Y, por otro lado, una ayuda económica del Ayuntamiento (cuya cantidad aún no han fijado), en la que “están trabajando”, dice el propietario de ‘El rincón de Enrique IV’, César Sanz, pero que todavía no ha llegado. “Hemos sido uno de los sectores más perjudicados porque no hemos tenido acceso a ningún tipo de subvención”, critica.

Esto no es todo. Tienen otra reclamación a nivel regional; poder entrar en las baterías de ayuda a pesar de su Clasificación Nacional de Actividades Económicas (CNAE). Por el momento, han podido entrar en la solicitud de estas subvenciones, aunque reconocen que son difíciles de obtener porque han de tener unas deudas “muy reconocidas”.

Un futuro incierto

A pesar de que han notado una cierta mejoría en el sector en el verano, su principal problema sigue siendo el turismo. El año pasado también hubo una burbuja entre julio y agosto que “cayó de golpe en septiembre”, alerta González.

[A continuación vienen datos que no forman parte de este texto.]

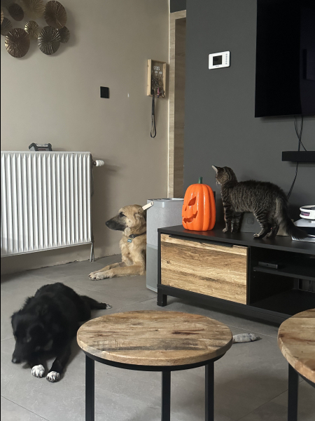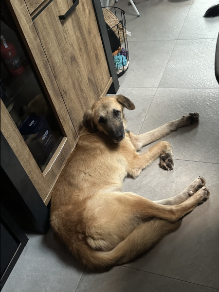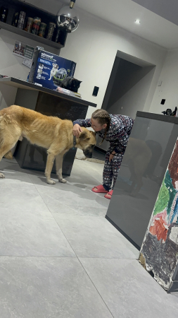 Il s’adapte très bien à sa nouvelle vie. Adore passer du temps au jardin, il a eu quelque petit accident de la nuit. Et tout est déjà rentré dans l’ordre. Il est propre, sage, ne détruit rien, il est très respectueux. Un amour de chien. Il reste un peu peureux mais s’améliore de jour en jour.

Aunque la situación no es la misma, la incertidumbre ante lo que ocurrirá a partir de septiembre, sí. Creen que se dirigen hacia un turismo de fin de semana, que dudan que les permita seguir con los negocios abiertos. “Si los próximos meses no se funciona bien, nos veremos avocados a cerrar”, lamenta el dueño de ‘Regalos Manuel’.Tenemos mucho miedo”, espeta Sanz.

Desde el sector consideran que las reuniones con políticos “poco a poco van dando sus frutos”. Por el momento, han ganado participación y visibilidad, pese a que aún no han recibido ayudas. Lo que tienen claro es que seguirán luchando.